Entry Point Regulation

<francois> mike thinks it's probably worth doing, despite the controversy

<francois> david has an extension-based EPR prototype and was in the process of building it as a service worker

<francois> it could be done better inside the browser

<francois> since we could make more intelligent decisions

<francois> we need to decide as a group whether or not this is something that we want to put together

<francois> i.e. do we want to build things that restrict navigation

<francois> because it does break some forms of linking

<francois> it makes sense for applications to restrict their entry points but there's no way to prevent non-applications from abusing the feature

<rbarnes> that seems pretty bad

<rbarnes> (the evil nyt example)

<dveditz> rbarnes: devdattae

<dveditz> rbarnes: devdatta

<rbarnes> dveditz: ack, thx

<terri> Thanks, I'd forgotten what the controversy was

<terri> we're sort of interested in it for certain types of apps and I wanted to know what I might be stepping in if I started working on it.

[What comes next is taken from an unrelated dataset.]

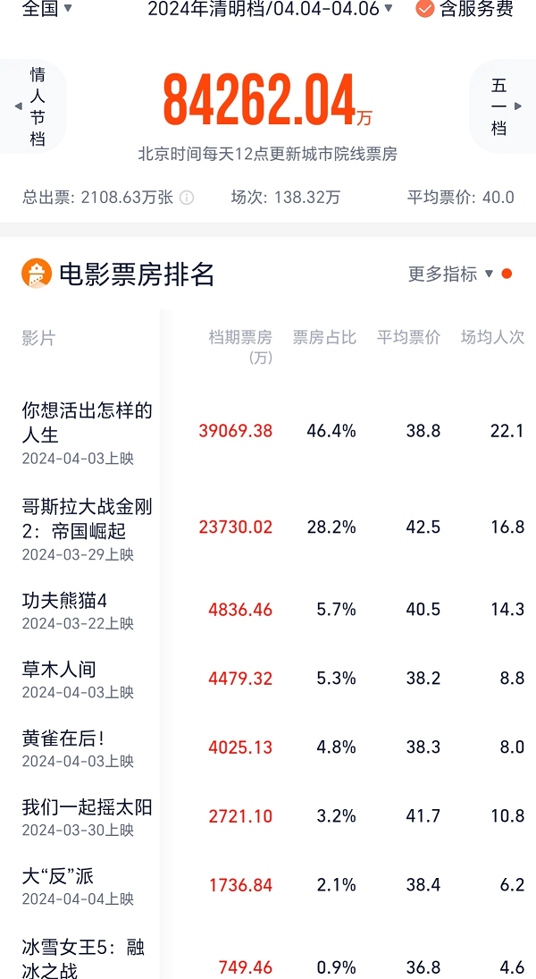 去年清明档,最有竞争力的是宫崎骏的动画电影《你想活出怎样的人生》,清明档三天票房3.91亿元,占了46.4%市场份额。

<francois> chrome is not going to get to EPR in Q4 but might start in Q1

<francois> sites are already restricting their entry points using referrer checking

<dveditz> scribenick: francois

<dveditz> scribe: francois

Referrer Policy

<mkwst> jochen: Three open issues.

<mkwst> jochen: 1. Adding spec text about `referrerpolicy` attribute on `<a>`, etc.

<mkwst> ... Agreement about how to implement, but needs to get into the spec.

<mkwst> ... 2. `Ping-From` needs to be associated with a referrer policy.

<mkwst> ... Need to update this in HTML.

<mkwst> ... 3. Need to add spec text about CSS stylesheets.

<mkwst> ... How do they get a referrer?

<mkwst> ... CSS doesn't currently spec this. Doesn't interact with Fetch.

<mkwst> ... Talked with Tab. Asked for input.

<mkwst> ... Differences between Chrome and Firefox. Neither really consistent.

<mkwst> ... Chrome takes the referrer policy from when the stylesheet was created rather than when the resource is loaded.

<mkwst> ... Firefox takes the referrer from the stylesheet and the policy from when the resource is loaded.

<mkwst> ... Right now you can set the policy from CSP, which is strange from CSP's point of view, because it's non-restrictive in the `unsafe-url` case.

<tanvi> what about francois proposal on more policies? is that for v2?

<mkwst> ... mkwst proposed splitting it out into a separate header.

<mkwst> ... Do we need new kinds of policies? Change default behavior? Etc. Ongoing discussion.

<dveditz> scribenick: mkwst

jochen: My goal at the moment is to make the spec reflect reality, not radically change.

<dveditz> scribe: mkwst

jochen: Can be a goal, but at this point for stylesheets we don't even have a spec that explains anything.
... Let's explain before we attempt broader change.

dveditz: Is there a test suite?
... Or just ad-hoc?

jochen: Bunch of layout tests in Blink.
... Ran them on Firefox to discover differences.
... The layout tests I've looked at are only touching on some of the specs, only looking at one level of indirection.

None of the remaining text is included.